アメリカン・ドリームズ」のプロデューサー兼司会者は血も涙もないエゴイストのイギリス人、ヒュー・グラント(「アメリカン・アイドル」も元はイギリスの番組で、イギリス人審査員サイモン・コーウェルの血も涙もない批評がウリのひとつ)。
 グラントは、番組のマンネリを打開するため、もっと変わった出場者を探せとスタッフに命じる。
 そうして選ばれたのが、まずは、オハイオ出身のブリットニー・スピアーズもどきのマンディ・ムーア(シャレにならん)。彼女はよくいる貧乏なホワイトトラッシュの歌手志望だが(「アメリカン・アイドル」の初代優勝者ケリー・クラークソンもそうだった)、恋人(ケヴィン・クライン)がイラク戦争に従軍して負傷した、という泣かせるウリがあった(実はクラインはムーアに捨てられてヤケクソでイラクに行ったのだが)。

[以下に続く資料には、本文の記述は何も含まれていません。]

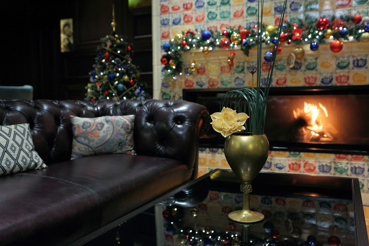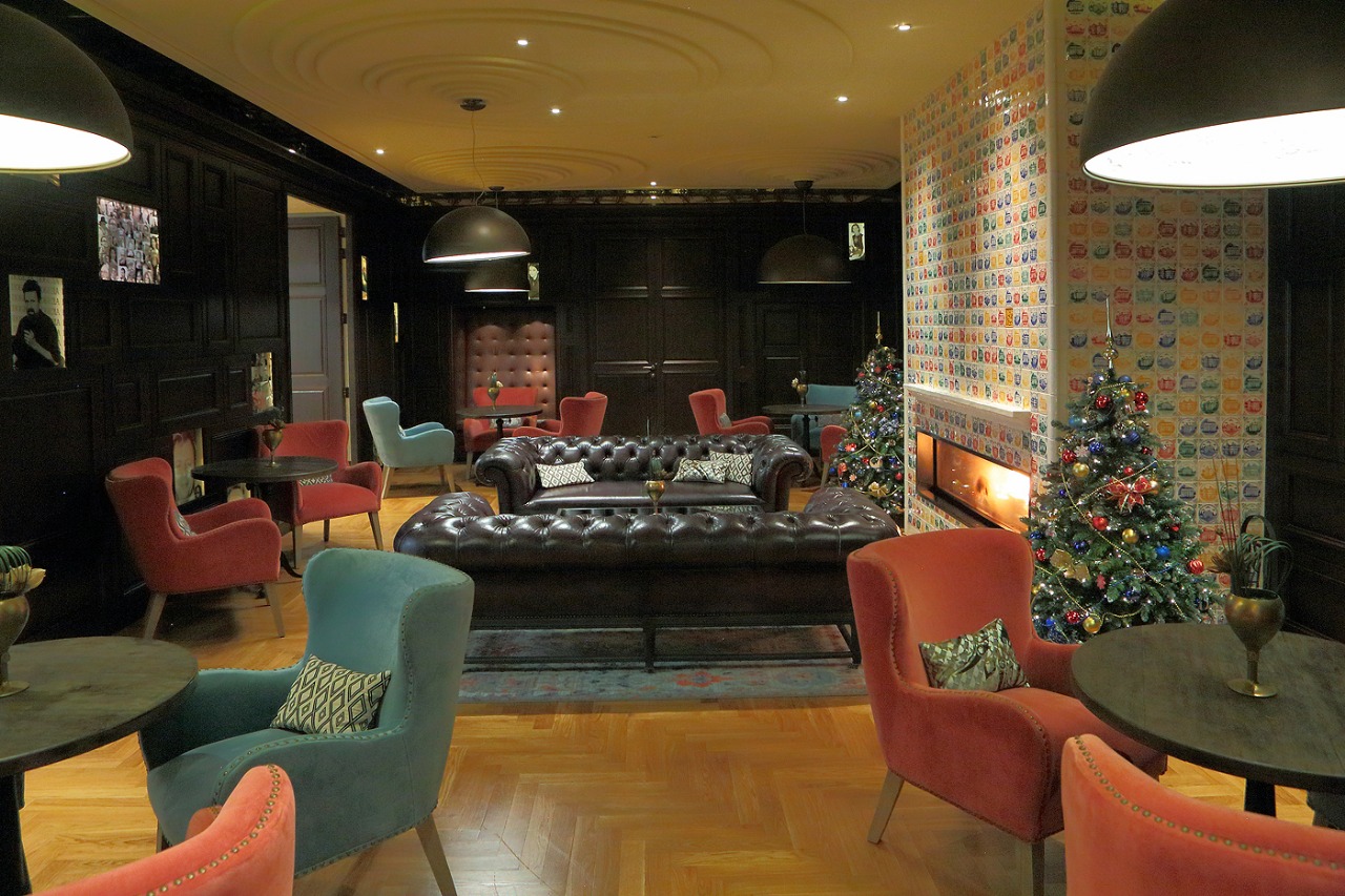 Настенные панно из тёмного дерева, английские диваны, опускающиеся с потолка итальянские люстры и дровяной камин, украшенный плиткой с обликами здания «Победы». В таком месте хочется проводить вечера за общением с друзьями и наслаждаться аперитивом перед ужином.

 もう一人のアイドル候補は、イラク移民のオマール。歌も踊りもヘナチョコで、ルックスも全然イケてない兄ちゃんだが、ヒュー・グラントはそこが面白いと思ったのだ(本物の『アメリカン・アイドル』で最初に人気になったのは、予選で落とされた歌も顔もまるっきりダメな香港系移民のウィリアム・ハンだった)。
 ヒュー・グラントの企みどおり、マンディ・ムーアとオマールは視聴者の投票を集め、順調に勝ち抜いていく。
 ところが、実は、オマールはバグダットに住む母親をアメリカ軍の爆撃で殺され、アルカイダに身を投じたテロリストだった。
 彼の使命は優勝決定戦の特別審査員になるアメリカ大統領を自爆テロで暗殺すること。
 そのためには何が何でも、アメリカ国民に最高に愛されるアイドルにならねばならないのだ! 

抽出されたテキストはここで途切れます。